Transportation Techniques for Geometric Data Processing

Speaker: 
Justin Solomon - Stanford University
Date: 
Sep 17 2014 - 3:00pm
Event type: 
IDeAS
Room: 
110 Fine Hall
Abstract: 

Many methods dealing with data on geometric domains suffer from noise, nonconvexity, and other challenges because they are forced to make choices among nearly-indistinguishable possibilities.  For instance, edge-preserving image filters must assign pixels near the boundary of an object to either its interior or its exterior, inheriting different colors, textures, and other properties depending on the particular outcome.  In geometry processing, algorithms for registering scans of three-dimensional objects must break discrete (e.g. left-right) and continuous (e.g. cylindrical or translational) symmetries to settle on a single correspondence.
In this talk, I will present techniques for explicitly acknowledging these and other ambiguities within graphics, imaging, and data processing pipelines.  Rather than making arbitrary tie-breaking decisions, these methods maintain distributions over potential outcomes.  This “soft” probabilistic framework is supported by the use of optimal transportation distances, which extend notions from classical geometry to the probabilistic domain. In addition to introducing the relevant theory, I will show how it can be used to derive practical algorithms for photo processing, network analysis, and surface mapping.
Selected relevant papers:
• Solomon, Justin, Raif Rustamov, Leonidas Guibas, and Adrian Butscher.  “Earth Mover’s Distances on Discrete Surfaces.”  SIGGRAPH 2014, Vancouver.

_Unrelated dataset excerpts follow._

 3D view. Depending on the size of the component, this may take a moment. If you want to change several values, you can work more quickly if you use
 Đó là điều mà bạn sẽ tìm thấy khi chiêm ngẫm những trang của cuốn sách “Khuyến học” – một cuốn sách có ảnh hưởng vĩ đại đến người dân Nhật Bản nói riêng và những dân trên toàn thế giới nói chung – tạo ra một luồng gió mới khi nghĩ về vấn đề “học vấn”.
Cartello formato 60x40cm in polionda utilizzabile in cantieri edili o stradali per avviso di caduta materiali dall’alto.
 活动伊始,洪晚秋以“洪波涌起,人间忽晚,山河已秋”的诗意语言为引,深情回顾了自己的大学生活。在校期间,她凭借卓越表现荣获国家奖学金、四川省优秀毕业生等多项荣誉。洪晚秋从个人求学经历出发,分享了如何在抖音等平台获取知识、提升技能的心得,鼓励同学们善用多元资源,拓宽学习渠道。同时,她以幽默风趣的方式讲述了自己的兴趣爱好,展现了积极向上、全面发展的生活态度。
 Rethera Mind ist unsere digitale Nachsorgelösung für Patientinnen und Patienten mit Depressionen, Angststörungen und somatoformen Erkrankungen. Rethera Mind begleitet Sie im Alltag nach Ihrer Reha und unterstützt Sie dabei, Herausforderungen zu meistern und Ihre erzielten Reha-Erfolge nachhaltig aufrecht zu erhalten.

• Solomon, Justin, Raif Rustamov, Leonidas Guibas, and Adrian Butscher. “Wasserstein Propagation for Semi-Supervised Learning.” ICML 2014, Beijing.

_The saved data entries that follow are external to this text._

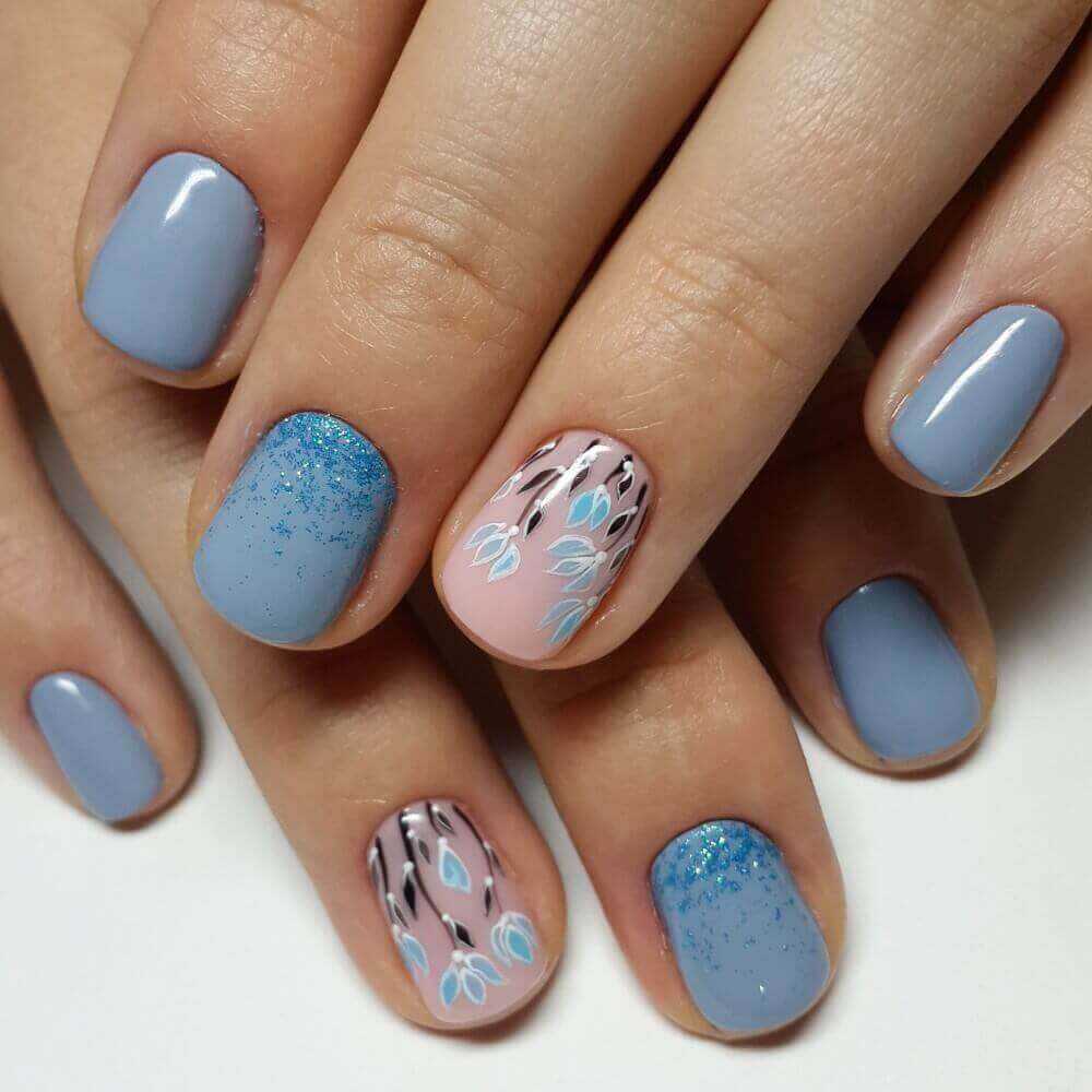 Нежное, романтичное сочетание розового и голубого пастельного цвета всегда пользовалось популярностью. Такой маникюр идеально подходит на каждый день, поскольку он не слишком заметный и хорошо сочетается со многими образами. В некоторых случаях он будет уместным и на работе. Кроме того, его часто выбирают для посещения праздников. Всего лишь немного декоративных акцентов и маникюр вмиг преобразится. Это могут быть блестки, бусины, оттиски фольги и многое другое. Что касается дизайна, то в пастельном сочетании невероятно красиво смотрится градиент вместе с цветочным рисунком. Это идеальный вариант для романтического свидания.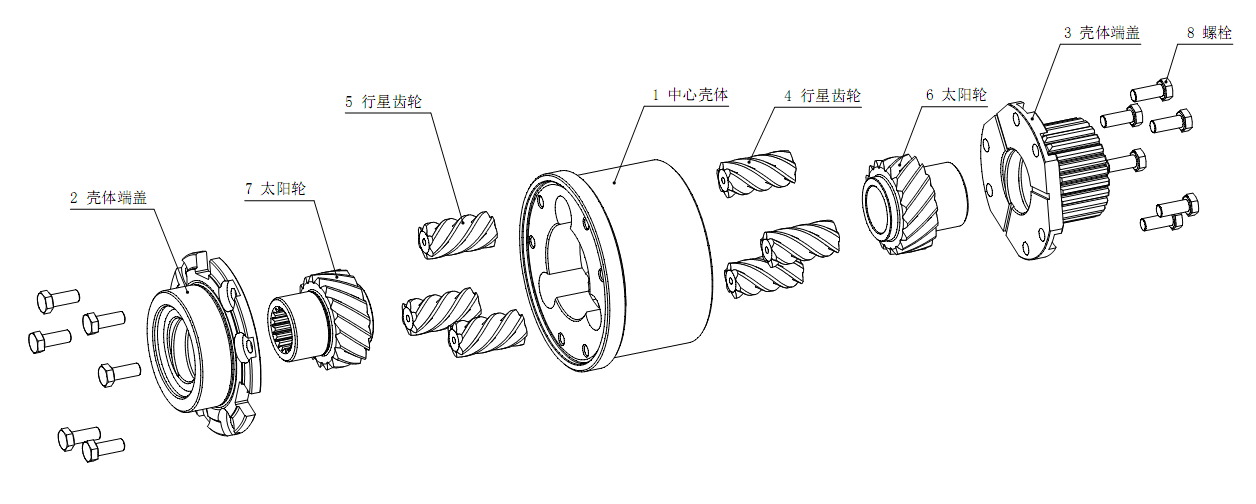 該圓柱螺旋齒式限滑差速器由三組齒輪同一公轉軸線平均布置。在左右兩側,每個行星齒輪分別和各自的輸出太陽輪嚙合,每對行星齒輪在中間部位相互嚙合,同時,兩個太陽輪之間是有間隙的,不和對面的行星齒輪嚙合。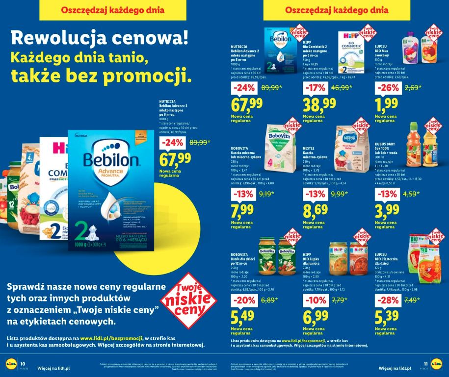 Tak. Bebilon Advance 2 (1000 g) kosztuje teraz 67,99 zł zamiast 89,99 zł. W ofercie są też kaszki BoboVita, Nestlé i zupy HiPP z nową ceną regularną.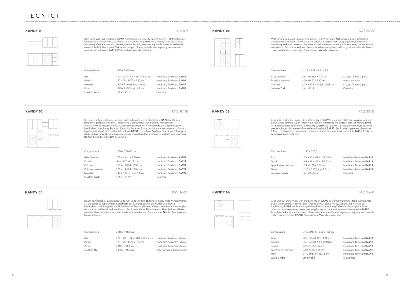 Base units, wall units, mirror with shelf and top in BA991 reinforced melamine. Lugano ceramic

• Solomon, Justin, Leonidas Guibas, and Adrian Butscher. “Dirichlet Energy for Analysis and Synthesis of Soft Maps.” SGP 2013, Genoa.

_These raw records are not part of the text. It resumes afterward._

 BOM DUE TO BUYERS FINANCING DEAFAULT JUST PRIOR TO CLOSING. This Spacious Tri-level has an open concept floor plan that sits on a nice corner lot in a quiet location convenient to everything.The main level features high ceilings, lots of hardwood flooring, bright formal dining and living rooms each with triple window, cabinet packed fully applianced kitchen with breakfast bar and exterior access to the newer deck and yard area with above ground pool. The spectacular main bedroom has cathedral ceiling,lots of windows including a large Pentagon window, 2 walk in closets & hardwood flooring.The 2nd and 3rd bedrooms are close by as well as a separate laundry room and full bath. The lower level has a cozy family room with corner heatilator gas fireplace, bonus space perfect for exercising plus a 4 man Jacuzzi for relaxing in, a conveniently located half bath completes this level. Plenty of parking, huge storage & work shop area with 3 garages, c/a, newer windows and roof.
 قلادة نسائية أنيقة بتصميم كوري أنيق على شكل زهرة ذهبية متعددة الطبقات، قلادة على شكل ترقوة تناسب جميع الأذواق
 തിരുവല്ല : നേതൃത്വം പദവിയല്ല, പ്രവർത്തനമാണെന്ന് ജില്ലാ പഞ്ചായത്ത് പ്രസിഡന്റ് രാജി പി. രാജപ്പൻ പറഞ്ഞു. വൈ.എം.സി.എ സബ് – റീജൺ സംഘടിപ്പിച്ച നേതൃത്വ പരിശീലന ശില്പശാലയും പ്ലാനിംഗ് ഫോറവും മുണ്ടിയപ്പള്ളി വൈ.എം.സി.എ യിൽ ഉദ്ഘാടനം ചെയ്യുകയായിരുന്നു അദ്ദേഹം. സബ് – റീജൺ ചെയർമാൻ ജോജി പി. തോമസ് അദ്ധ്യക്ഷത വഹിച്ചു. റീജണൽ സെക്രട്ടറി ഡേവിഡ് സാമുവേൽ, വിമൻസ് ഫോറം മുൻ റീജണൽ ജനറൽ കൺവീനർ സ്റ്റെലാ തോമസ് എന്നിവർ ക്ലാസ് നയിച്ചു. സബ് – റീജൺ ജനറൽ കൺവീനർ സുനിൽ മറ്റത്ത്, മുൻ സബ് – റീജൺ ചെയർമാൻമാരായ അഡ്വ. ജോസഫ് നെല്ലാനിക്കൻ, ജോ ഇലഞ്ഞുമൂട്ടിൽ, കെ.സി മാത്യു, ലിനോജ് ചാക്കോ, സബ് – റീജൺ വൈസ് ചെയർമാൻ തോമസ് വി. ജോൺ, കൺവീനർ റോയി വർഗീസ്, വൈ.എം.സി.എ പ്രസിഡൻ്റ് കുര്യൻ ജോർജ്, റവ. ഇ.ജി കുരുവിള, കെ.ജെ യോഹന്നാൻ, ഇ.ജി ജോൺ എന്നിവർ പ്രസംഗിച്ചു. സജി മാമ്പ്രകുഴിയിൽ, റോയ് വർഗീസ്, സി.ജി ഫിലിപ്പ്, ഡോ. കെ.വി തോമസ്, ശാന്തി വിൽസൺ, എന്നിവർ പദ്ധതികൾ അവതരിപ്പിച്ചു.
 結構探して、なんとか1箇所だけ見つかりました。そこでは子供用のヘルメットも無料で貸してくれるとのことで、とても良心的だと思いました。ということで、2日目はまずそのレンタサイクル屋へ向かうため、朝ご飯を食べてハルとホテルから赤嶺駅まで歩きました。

Bio:  Justin Solomon is a PhD candidate in the Geometric Computing Group at Stanford University (PI: Leonidas Guibas).  He studies problems in graphics, learning, and imaging combining techniques from mathematical theory and computer science.  His work has led to practical applications in geometry processing, computational photography, and medical imaging and is supported by the Hertz Foundation Fellowship, the NSF Graduate Research Fellowship, and the NDSEG Fellowship.
Justin holds bachelors degrees in mathematics and computer science and a masters degree in computer science from Stanford.  He is a dedicated instructor and has served as the lecturer for courses in graphics, differential geometry, and numerical methods.  His forthcoming textbook entitled Numerical Algorithms focuses on applications of numerical methods to graphics, learning, and vision.  Before beginning his graduate studies, Justin was a member of Pixar's Tools Research group.  Outside the lab, he is a pianist, cellist, and amateur musicologist with award-winning research on early recordings of the Elgar Cello Concerto.